Judge Strikes Down Trump Plan to Cut Food Stamps for Up To 700,000 Despite Coronavirus Pandemic

A federal judge on Sunday blocked the Trump administration from implementing a new "arbitrary and capricious" rule that would have cut food stamps for up to 700,000 people, The Washington Post reports.

The Department of Agriculture announced a new rule in 2018 that would have limited states’ ability to waive work requirements for certain food stamp recipients.

Non-disabled working-age adults without children currently have to work at least 80 hours per month to receive food stamps for more than three months in any three-year period. States often waive that requirement, but the USDA sought to limit the waivers only to counties where the unemployment rate is more than 6%.

A coalition of 19 states and Washington DC sued to block the rule, warning it would require drastic cuts and ignored local labor conditions.

Judge blocks rule:

On Sunday, Chief DC District Judge Beryl Howell struck down the rule.

Howell wrote that the rule "at issue in this litigation radically and abruptly alters decades of regulatory practice, leaving States scrambling and exponentially increasing food insecurity for tens of thousands of Americans.”

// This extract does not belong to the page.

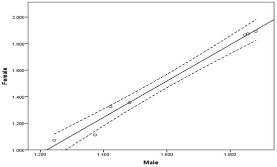 It was analyzed the existence of a linear correlation between Figure 6 and Figure 10 data of the TMQHPI in male and female study groups. Figure 13 presents the plotted regression line with the 95% confidence interval (dotted line). As a next step based on data normality it was decided for the calculus of the Pearson correlation coefficient, r = 0.99, with the 95% confidence interval, [0.94, 0.998]. As r > 0 and 0.94 > 0 it can be concluded that exists a positive correlation. r ∈ [0.9,1] indicates the existence of a very strong correlation (the visual interpretation of Figure 13 lead to the same conclusion).

She said the rule was “arbitrary and capricious,” adding that the USDA has been "icily silent about how many [adults] would have been denied SNAP benefits had the changes sought . . . been in effect while the pandemic rapidly spread across the country."

Howell previously blocked rule due to the pandemic:

Howell previously issued a temporary injunction that blocked the rule on the same day that President Donald Trump declared the pandemic a national emergency.

"Especially now, as a global pandemic poses widespread health risks, guaranteeing that government officials at both the federal and state levels have flexibility to address the nutritional needs of residents and ensure their well-being through programs like SNAP, is essential," Howell wrote in March.

New York Attorney General Letitia James hailed Sunday’s ruling as a "win for common sense and basic human decency."

The rule, she added, "would have not only made it harder for thousands to feed their families and risk them going hungry, but would have exacerbated the public health crisis we face and the economic recession we are still in the midst of under President Trump."